### DIRECTIONS FOR THIS TASK:
Nothing outside the range below should be printed. Output exactly the lines from the line with "牛乳パックは飲んだら自分で洗い、パックを開いてかごに入れ干し、資源にします。" to the line with "Description : New", both included.

### DATA TO PROCESS:
⁂
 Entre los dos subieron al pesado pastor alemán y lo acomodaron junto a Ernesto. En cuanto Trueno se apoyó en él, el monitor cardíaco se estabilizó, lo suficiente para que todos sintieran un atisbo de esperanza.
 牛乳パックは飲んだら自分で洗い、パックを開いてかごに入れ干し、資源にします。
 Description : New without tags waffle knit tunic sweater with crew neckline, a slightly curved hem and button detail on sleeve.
⁂
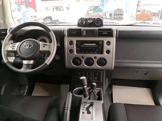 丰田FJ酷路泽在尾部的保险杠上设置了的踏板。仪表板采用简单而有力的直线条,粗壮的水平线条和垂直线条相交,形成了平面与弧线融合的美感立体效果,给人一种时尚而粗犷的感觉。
⁂
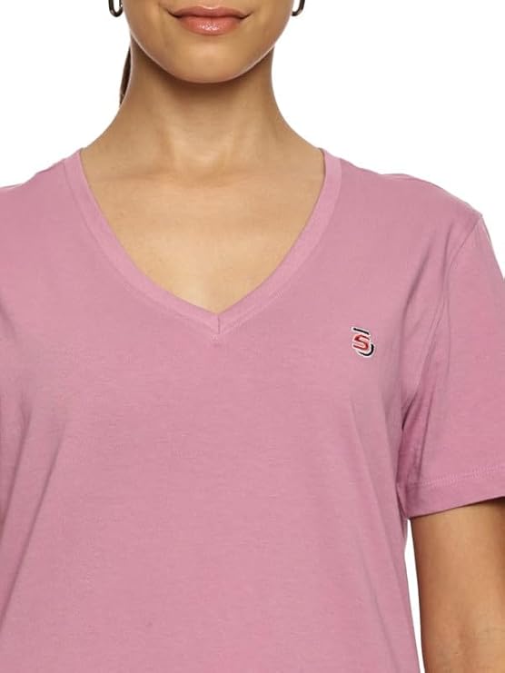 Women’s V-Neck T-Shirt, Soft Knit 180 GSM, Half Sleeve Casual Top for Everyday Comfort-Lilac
⁂
### SOLUTION BELOW:
 牛乳パックは飲んだら自分で洗い、パックを開いてかごに入れ干し、資源にします。
 Description : New without tags waffle knit tunic sweater with crew neckline, a slightly curved hem and button detail on sleeve.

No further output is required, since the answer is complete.